Site Adapter

The site adapters provide interfaces to various Cloud APIs and batch systems in order to allow a on-demand provisioning of resources and a dynamic orchestration of pre-built VM images and containers.

Sites are generally configured in the Sites configuration block. One has to specify a site name, the adapter to use and a site quota in units of cores. Negative values for the site quota are interpreted as infinity. Optionally a minimum lifetime in seconds of the Drone can be specified. This is defined as the time the Drone remains in AvailableState before draining it. If no value is given, infinite lifetime is assumed. Multiple sites are supported by using SequenceNodes.

Note

Even if a minimum lifetime is set, it is not guaranteed that the Drone is not drained due to its dropping demand before its minimum lifetime is exceeded.
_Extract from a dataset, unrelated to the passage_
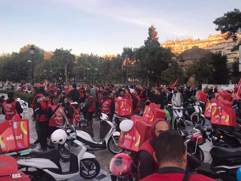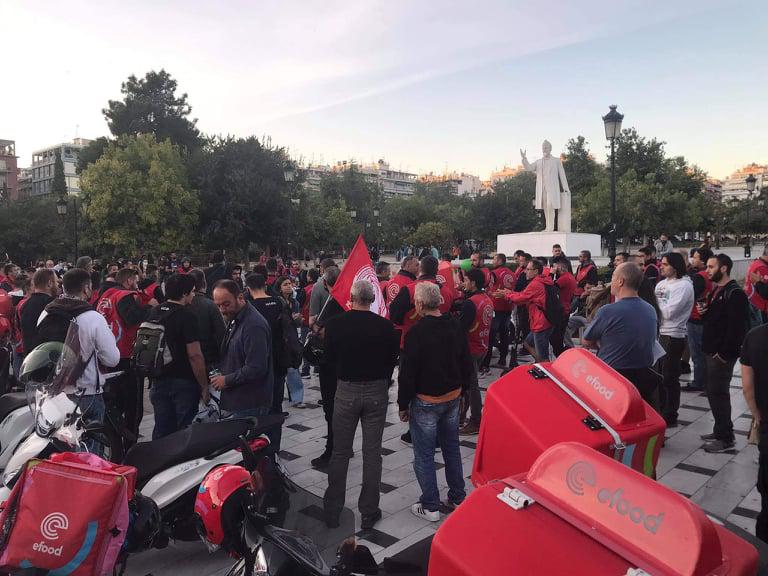 Απεργιακό αλλά και πανηγυρικό χαρακτήρα, έχει η κινητοποίηση των διανομέων της e-food, που ξεκίνησε από το πρωί στο Άγαλμα Βενιζέλου.

Generic Site Adapter Configuration

Available configuration options

Option	Short Description	Requirement
name	Name of the site	Required
adapter	Site adapter to use. Adapter will be auto-imported (class name without Adapter)	Required
quota	Core quota to be used for this site. Negative values are interpreted as infinity	Required
drone_heartbeat_interval	Time in seconds between two consecutive executions of `tardis.resources.drone.run()`. Defaults to 60s.	Optional
drone_minimum_lifetime	Time in seconds the drone will remain in `AvailableState` before draining it.	Optional

For each site in the Sites configuration block. A site specific configuration block carrying the site name has to be added to the configuration as well.
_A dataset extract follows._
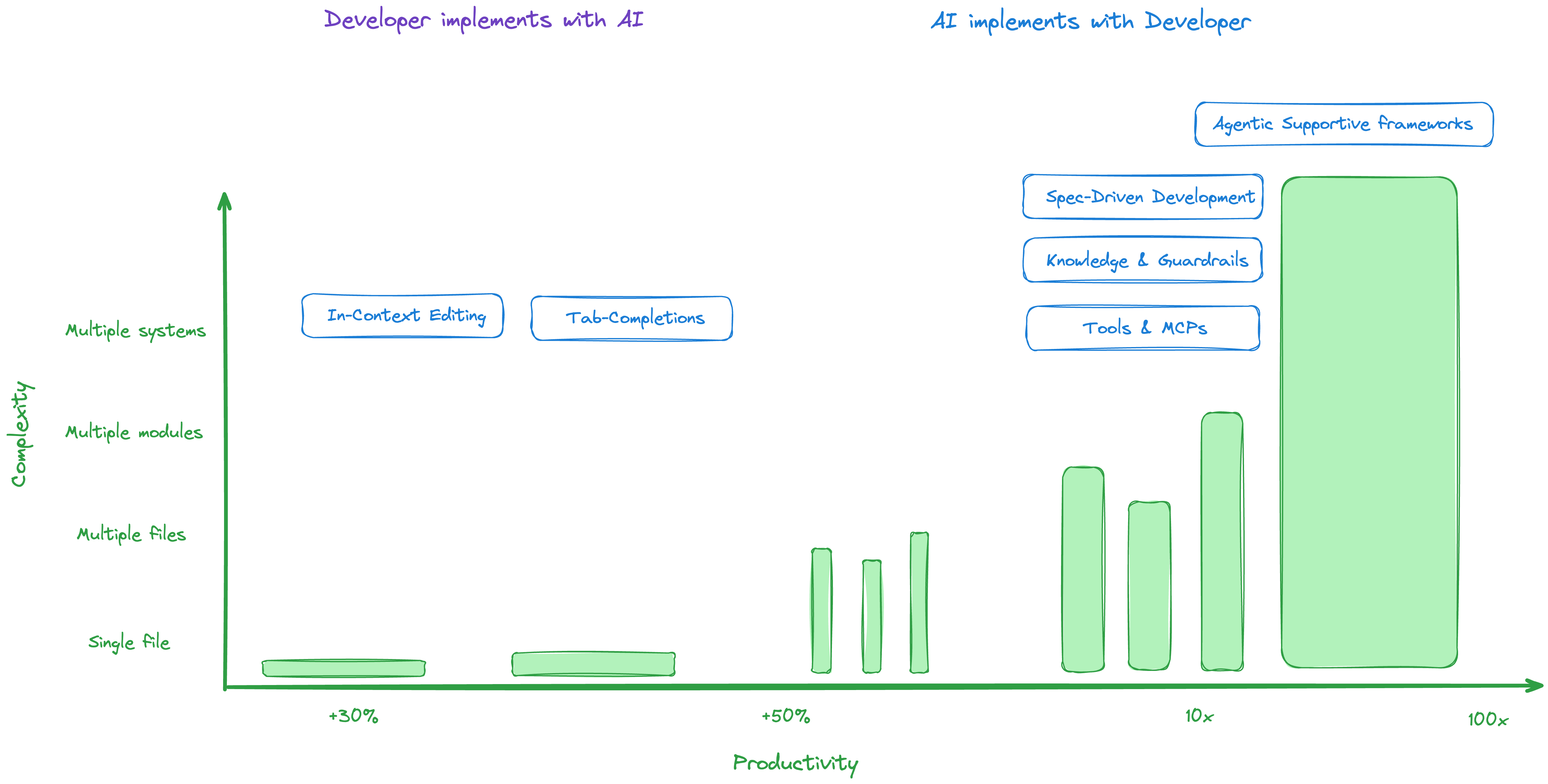 I used the earlier drawing made by Fabian Wesner and enriched his productivity chart with a new axis - complexity and draw a green blocks that visualize how agentic engineering concepts, from very basic to the most advanced with ASF are changing the productivity persistence while code base gets bigger. With ASF we build on the shoulders of agentic supportive modules, specs, guardrails, tools and MCP’s which promises the highest productivity boost possible with the current agentic engineering technology.

The site specific MappingNode contains site adapter specific configuration options that you can find below in the particular site adapter documentation.

In addition, it is required to add the following MappingNodes:

MachineTypes containing a SequenceNode of available machine types to be supported at the given site.
MachineTypeConfiguration a MappingNode for each machine type containing machine type specific configurations, details can be found below in the particular site adapter documentation.
MachineTypeMetaData containing a MappingNode for each machine type specifying the amount of Cores, Memory and Disk available

Note

The amount of memory and disk space is always specified in units of Gigabytes (GB) in TARDIS. The amount of cores is equivalent to the number of single core job slots provided by a machine.

Example configuration

Sites:
  - name: MySiteName_1
    adapter: MyAdapter2Use
    quota: 123
    drone_heartbeat_interval: 10
    drone_minimum_lifetime: 3600
  - name: MySiteName_2
    adapter: OtherAdapter2Use
    quota: 987

MySiteName_1:
  general_adapter_option: something
  MachineTypes:
    - Micro
    - Fat
  MachineTypeConfiguration:
    Micro:
      machine_type_specific_option_1: 124234-1245-1345-15
      machine_type_specific_option_2: 4583453-3245-345-2345
    Fat:
      machine_type_specific_option_1: 0034532-345-234-2341
      machine_type_specific_option_2: 1345-134-1345-134-1
  MachineMetaData:
    Micro:
      Cores: 1
      Memory: 2
      Disk: 30
    Fat:
      Cores: 32
      Memory: 128
      Disk: 256

MySiteName_2:
  general_adapter_option: something_else
  MachineTypes:
    - XL
  MachineTypeConfiguration:
    XL:
      machine_type_specific_option_1: 9847867-467846-468748BC
  MachineMetaData:
    XL:
      Cores: 128
      Memory: 256
      Disk: 1024

Cloud Stack Site Adapter

The CloudStackAdapter implements an interface to the CloudStack API. The following general adapter configuration options are available.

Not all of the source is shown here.